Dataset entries
┌──
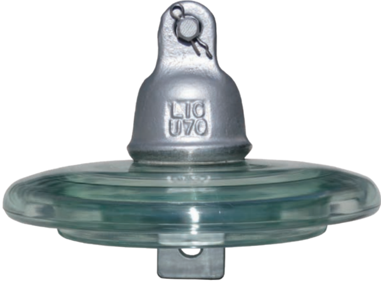
GIG Standard Profile – Tongue & Clevis
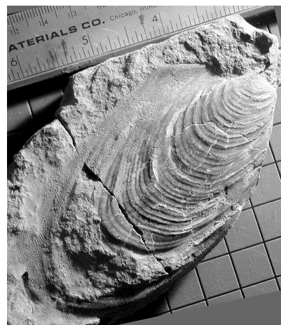
Mytiloides mytiloides (Mantell)

Lithologic Details: Very fine-grained, dark gray sandstone, parallel bedded, non-graded, laterally continuous
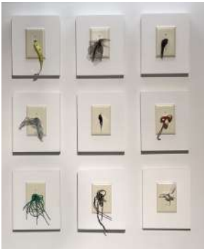
03 "On/Off Alternatives" from the On/Off series* 10h x 8w assemblages with switch plates on wood panels 2022 Top row, Left to Right: #3, #2, #4 Middle row, Left to Right: #6, #9, #5 Bottom row, Left to Right: #7, #1, #4
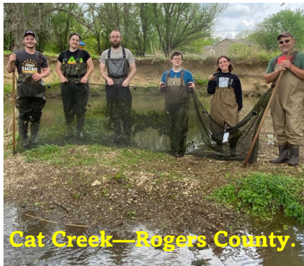
Cat Creek—Rogers County.
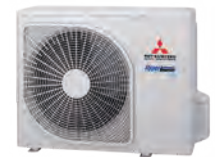
SRC 50-60 ZSX-W3
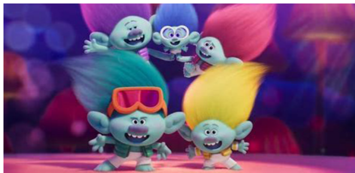
“TROLLS: BAND TOGETHER” will start the movie series.

The Sunken Gardens are located at 8200 Westminster Blvd, east of Beach Boulevard. Call the City of Westminster's Community Services & Recreation Department at (714) 895-2860.
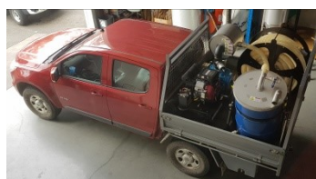
Dual cab alloy tray ute
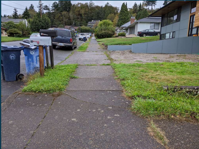
NW 19 TH AVE. LOOKING WEST TOWARDS NW BENTON ST.
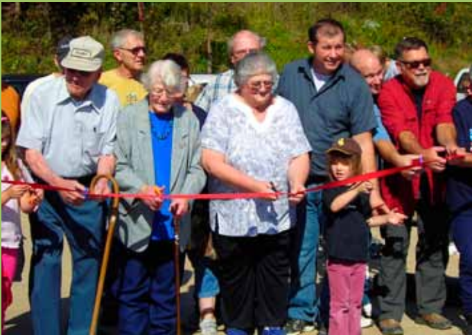
Local volunteers cut the ribbon on the improvements in August

Bowman said, "There were challenges with making sustainable improvements to accommodate large volumes of users in such a small area; and, because the type of improvements involved in developing water trails is still relatively new, there were new challenges for all of the parties involved. Everyone did a great job."
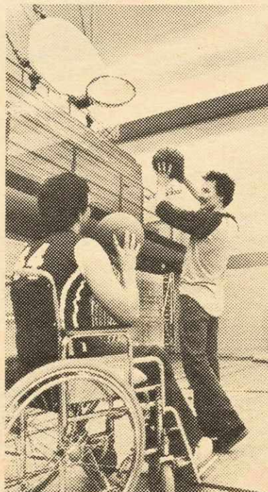
Services to handicapped
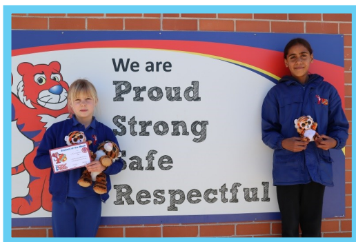
Student of the Week & PBL Ticket Recipients
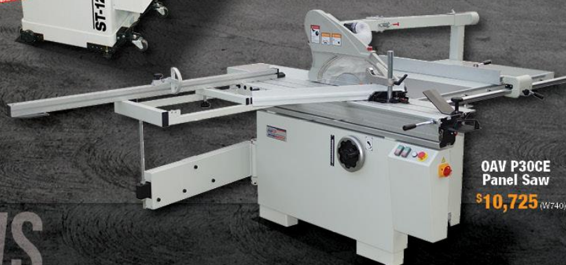
OAV P30CE Panel Saw $10,725 (W740)
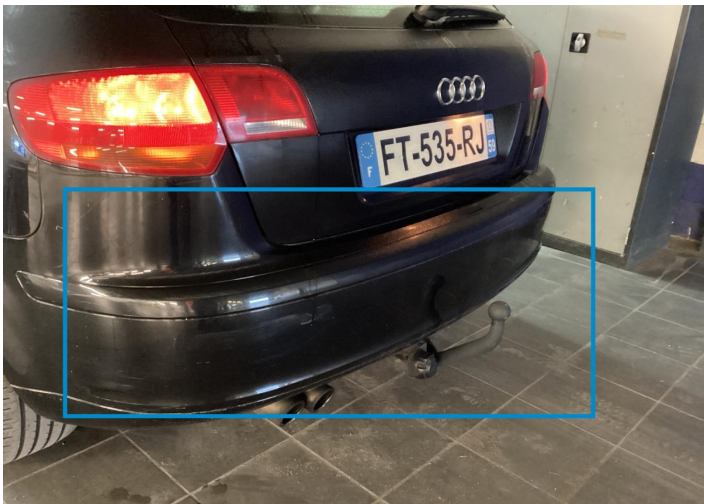
4. Bumper / Back Paint / Scratch / Scuff -
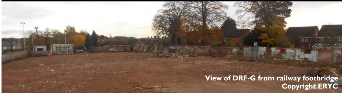
View of DRF-G from railway footbridge
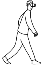
ARRIVING A BIT LATE
└──
Activity: If a line of the data above holds the string "from", count it, then give only the final number.

Task result: 2